Records Block Start

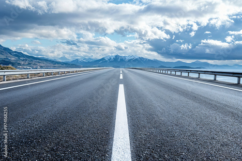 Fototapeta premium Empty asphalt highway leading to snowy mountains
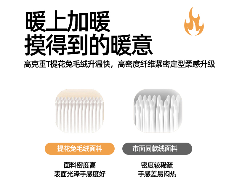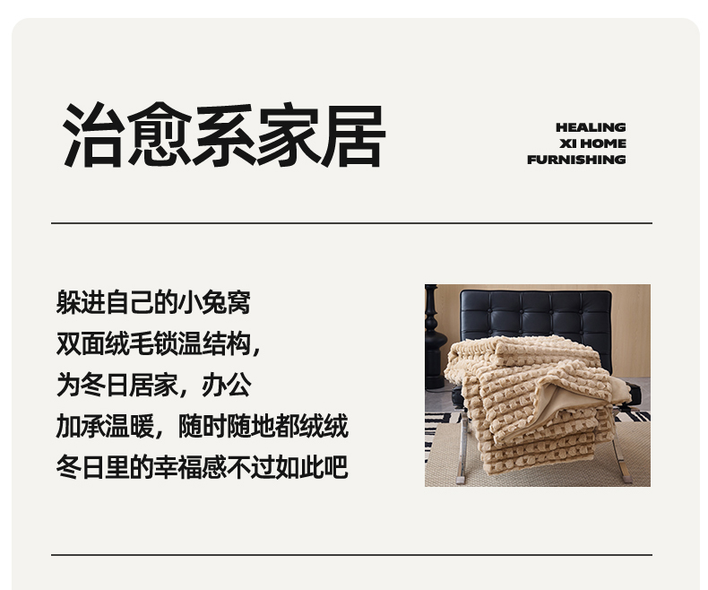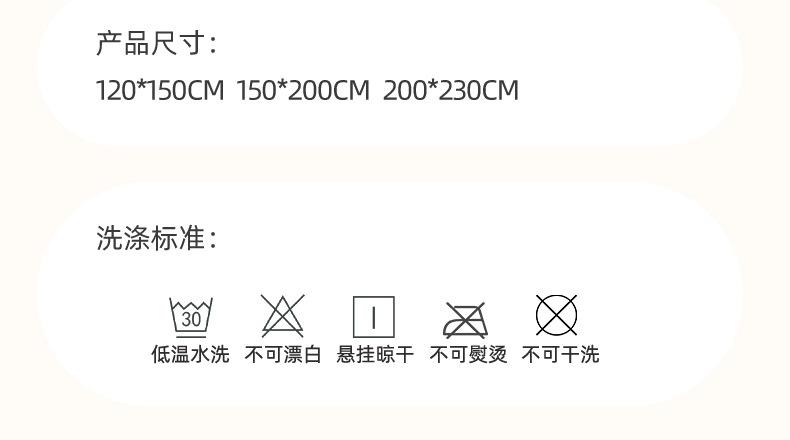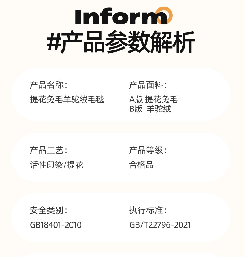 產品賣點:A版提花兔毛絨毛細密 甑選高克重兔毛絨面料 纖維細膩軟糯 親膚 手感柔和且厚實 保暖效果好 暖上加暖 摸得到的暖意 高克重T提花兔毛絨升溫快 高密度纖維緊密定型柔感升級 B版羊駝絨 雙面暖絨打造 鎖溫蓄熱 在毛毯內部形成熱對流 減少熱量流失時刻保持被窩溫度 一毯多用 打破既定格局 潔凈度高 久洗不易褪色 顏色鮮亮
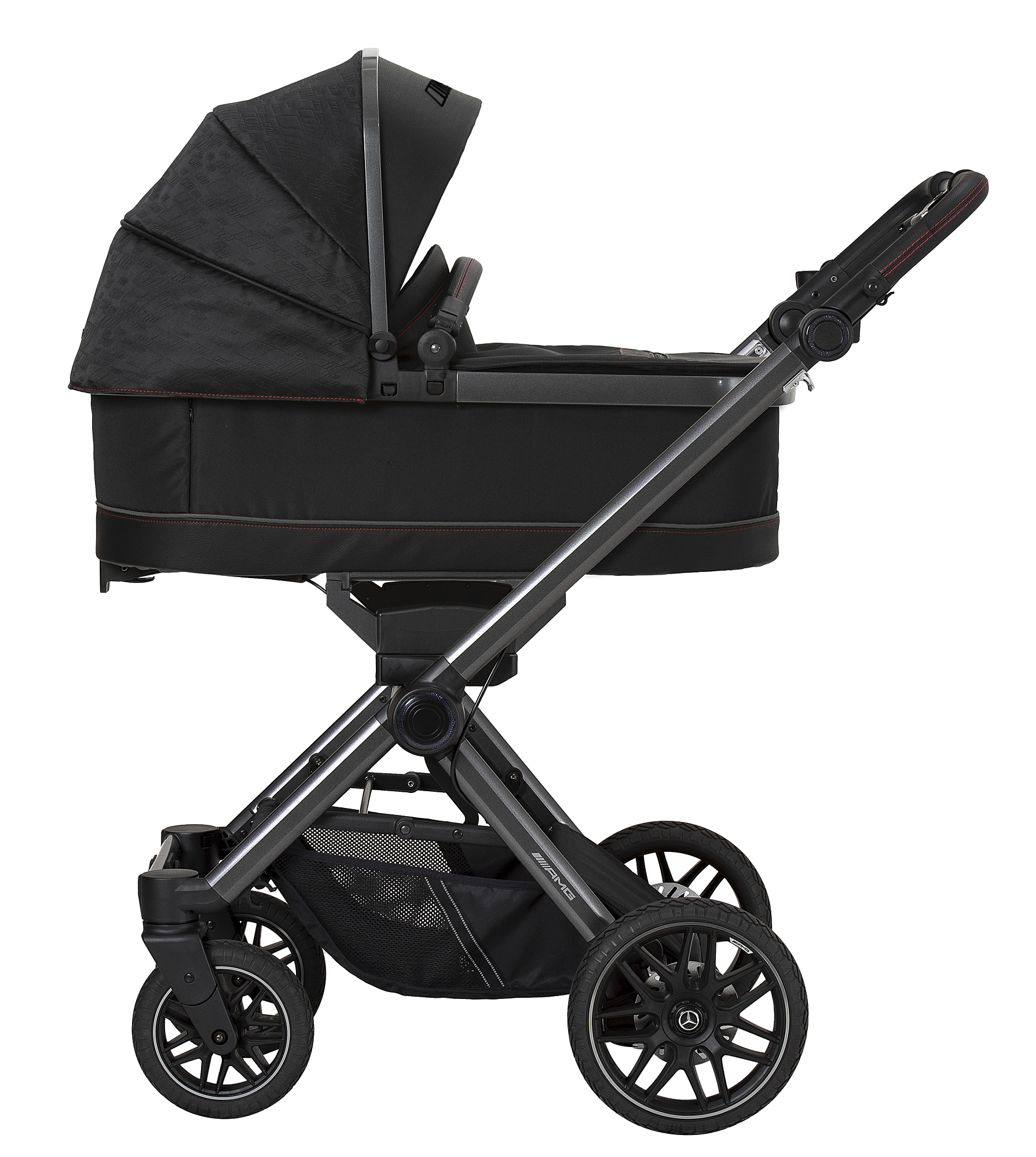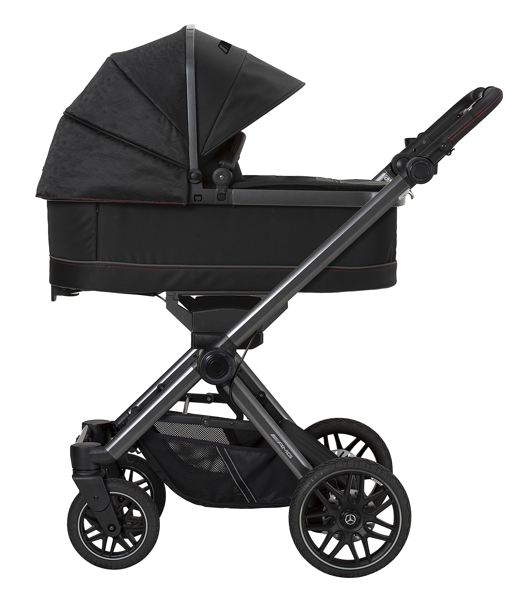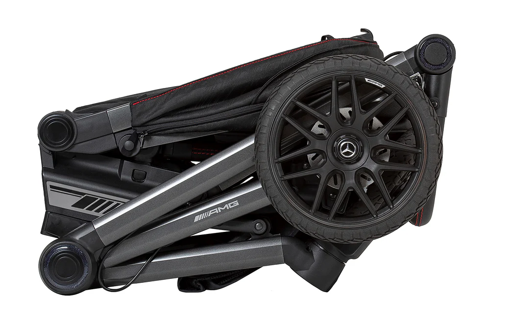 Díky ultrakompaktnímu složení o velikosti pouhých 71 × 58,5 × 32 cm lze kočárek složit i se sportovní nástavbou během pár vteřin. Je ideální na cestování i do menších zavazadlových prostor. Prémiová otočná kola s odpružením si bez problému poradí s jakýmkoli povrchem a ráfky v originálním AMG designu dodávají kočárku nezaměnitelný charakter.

Records Block End
Records Block Start

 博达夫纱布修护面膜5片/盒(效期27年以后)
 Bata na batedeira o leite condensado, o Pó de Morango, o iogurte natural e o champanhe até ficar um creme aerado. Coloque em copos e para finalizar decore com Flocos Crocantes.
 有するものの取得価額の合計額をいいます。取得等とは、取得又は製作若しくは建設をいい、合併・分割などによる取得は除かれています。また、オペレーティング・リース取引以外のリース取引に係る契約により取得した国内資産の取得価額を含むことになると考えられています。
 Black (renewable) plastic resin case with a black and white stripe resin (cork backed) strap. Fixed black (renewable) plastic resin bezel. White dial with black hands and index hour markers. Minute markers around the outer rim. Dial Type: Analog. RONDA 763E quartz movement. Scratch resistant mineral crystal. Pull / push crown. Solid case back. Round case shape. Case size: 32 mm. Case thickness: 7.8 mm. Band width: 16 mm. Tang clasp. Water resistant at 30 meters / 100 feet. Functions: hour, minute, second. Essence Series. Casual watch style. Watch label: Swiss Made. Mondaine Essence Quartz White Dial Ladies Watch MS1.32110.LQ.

Records Block End
Records Block Start

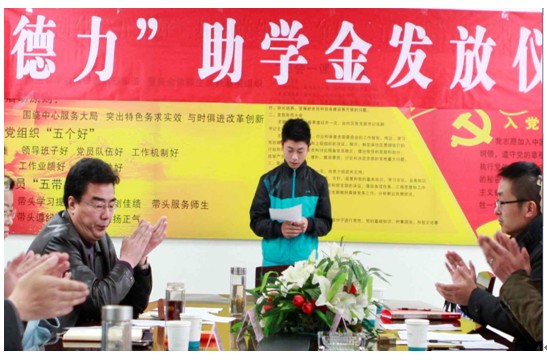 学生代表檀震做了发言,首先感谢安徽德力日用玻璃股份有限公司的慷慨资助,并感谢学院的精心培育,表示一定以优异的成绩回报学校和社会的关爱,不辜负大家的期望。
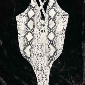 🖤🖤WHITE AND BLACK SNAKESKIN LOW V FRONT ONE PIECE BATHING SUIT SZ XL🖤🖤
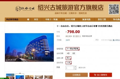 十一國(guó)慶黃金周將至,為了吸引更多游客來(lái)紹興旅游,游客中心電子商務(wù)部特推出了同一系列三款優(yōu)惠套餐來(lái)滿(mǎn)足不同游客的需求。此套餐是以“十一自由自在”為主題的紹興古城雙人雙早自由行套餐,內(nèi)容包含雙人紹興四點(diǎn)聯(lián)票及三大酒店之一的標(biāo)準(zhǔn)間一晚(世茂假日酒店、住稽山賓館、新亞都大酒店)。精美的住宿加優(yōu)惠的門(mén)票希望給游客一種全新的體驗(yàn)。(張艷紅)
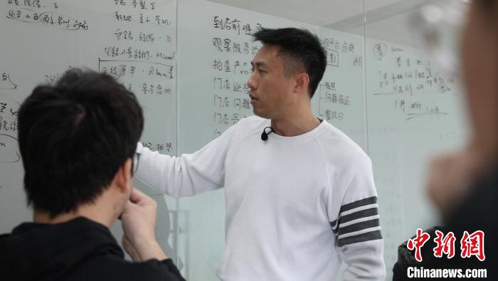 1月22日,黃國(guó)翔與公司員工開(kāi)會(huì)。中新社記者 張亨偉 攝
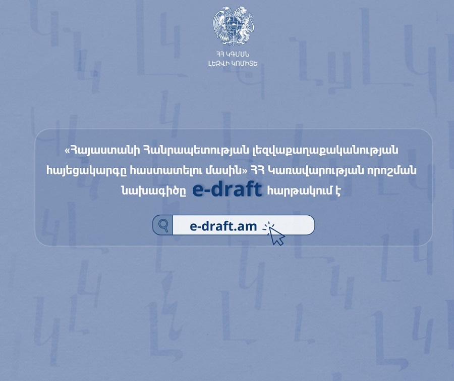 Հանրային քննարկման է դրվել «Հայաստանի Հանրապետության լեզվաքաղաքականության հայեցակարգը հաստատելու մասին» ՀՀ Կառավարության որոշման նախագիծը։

Records Block End

(Activity): Leave the pictures out. Output, exactly, the lines of the material above starting at the line containing "Fototapeta premium Empty" and ending at the line containing "產品賣點:A版提花兔毛絨毛細密 甑選高克重兔毛絨面料 纖維細膩軟糯".

(Solution to the exercise):
 Fototapeta premium Empty asphalt highway leading to snowy mountains
 產品賣點:A版提花兔毛絨毛細密 甑選高克重兔毛絨面料 纖維細膩軟糯 親膚 手感柔和且厚實 保暖效果好 暖上加暖 摸得到的暖意 高克重T提花兔毛絨升溫快 高密度纖維緊密定型柔感升級 B版羊駝絨 雙面暖絨打造 鎖溫蓄熱 在毛毯內部形成熱對流 減少熱量流失時刻保持被窩溫度 一毯多用 打破既定格局 潔凈度高 久洗不易褪色 顏色鮮亮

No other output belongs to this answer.